14 responses to “Sabotage in Broad Daylight?”

  1. Linda S. says:

    My favorite mental image inspired by the misuse of “literally” is a commercial for insurance.

    A woman says with a big smile, “When I saw the rates, I literally fell out of my chair.”

    Oh, how I wish they had filmed it that way. I would literally fall out of my chair, laughing.

  2. Connie A. says:

    Awesome editorial.
    Thank you.

  3. Meg D. says:

    With your strong feelings about the mis-use of the word “literally,” I thought you might enjoy this (it’s a comedy sketch titled Captain Literally): .

  4. Gordon H. says:

    Heard on NPR: “that’s literally a slippery slope.” I want to know where it is so I can go skiing on it.

  5. Jane L. says:

    Believe me, it will only get worse with each generation.
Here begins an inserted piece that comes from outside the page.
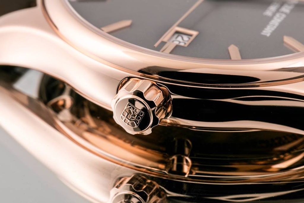 The case of the Frederique Constant FC-303LGR5B4 is made of stainless steel with a rose gold PVD finish and is complemented by a leather strap. Inside the case, the FC-303 Swiss mechanical movement (based on the Sellita SW200) with automatic winding works reliably. It operates at a frequency of 28,800 semi-frequencies per hour and features 26 jewels. At the traditional position of the third hour we find a practical date display.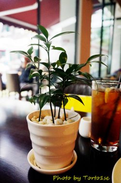 和大学的闺蜜十一相约这里小聚,在比较隐秘的地方。原来门牌号是个大号,里面暗藏了很多店,走进后别有洞天。看到了比较老式的洋房建筑,这家店很小。店里的桌子不多。几乎都是坐室外的。和想象中的又有点不一样,店门前有很大的草坪,但是无人打理,略显凌乱,没有想要拍照的美感。里面走了一圈,有个拉布拉多,被锁在另外一家店里了。懒洋洋地睡着觉,没能放出来玩,略显可惜。 和闺蜜两人本来要坐在室外的木板凳上,但是上面的灰让我实在无法入座。。最后还是选了个店内小一点的座位。。之前微博中了一份小食,可以选一杯饮料和一份色拉或鸡翅。卡片上的色拉已经不再供应,老板帮我们换了其他的。味道一般般吧,啃叶子的赶脚。淡淡的,但是挺爽口。闺蜜点了份大理石芝士蛋糕,味道还不错,芝士味不腻,软硬度适中,是我喜欢的口感。自己要了份红茶----不希望是代泡的,可就是代泡的。朋友点了一份柠檬红茶,挺港式的那种,比我的红茶要好~ 店内总体的环境偏幽暗一点,还有大屏幕在放投影。店里也只有一个走动的服务生,一个吧台。有时候有点忙不过来,点餐买单叫了几次。个人觉得外面的环境是有利条件,还是需要下功夫去打理一下比较好。那样我会对这家店有更好的印象。

My mother was a teacher in the Depression era, and at age 90 she decried the lack of knowledge of grammar, spelling, punctuation, and pronunciation among those who are the reporters, editors, and talking heads—all of whom are now arbiters of the English language.

    But, I’m an editor . . . and a diehard: I will not succumb to the practices that are rampant in print, radio, and television today.

    Thank you for your stance on this subject.

  6. A.R. says:

    Google does not define words – have a look at and note the comment there about Google.

  7. Lyrysa S. says:

    re: Literally
    Please see Merriam Webster recent article on “literally.” It has been in the dictionary in both senses since 1909.

    • Jane says:

      Merriam-Webster is by its own philosophy descriptive (they describe the language people are using), not prescriptive. American Heritage is a prescriptive dictionary, with a usage panel of scholars, and it would not acknowledge the corruption of “literally” without a brief essay explaining this decision. (Don’t expect American Heritage to do this anytime soon.)

  8. M.J. F. says:

    Oh, dear… that’s discouraging! We corresponded about just this a couple of months ago, and I hate to see it “legitimized” by Google.

    But wait… M-W says the same thing! I am really upset about those guys! Google may not know better, but the descendants of Noah Webster s/b ashamed!

    Definition of LITERALLY
    : in a literal sense or manner : actually
    : in effect : virtually
    See literally defined for English-language learners »
    See literally defined for kids »
    Usage Discussion of LITERALLY
    Since some people take sense 2 to be the opposite of sense 1, it has been frequently criticized as a misuse. Instead, the use is pure hyperbole intended to gain emphasis, but it often appears in contexts where no additional emphasis is necessary.

    I don’t buy their hyperbole excuse, either!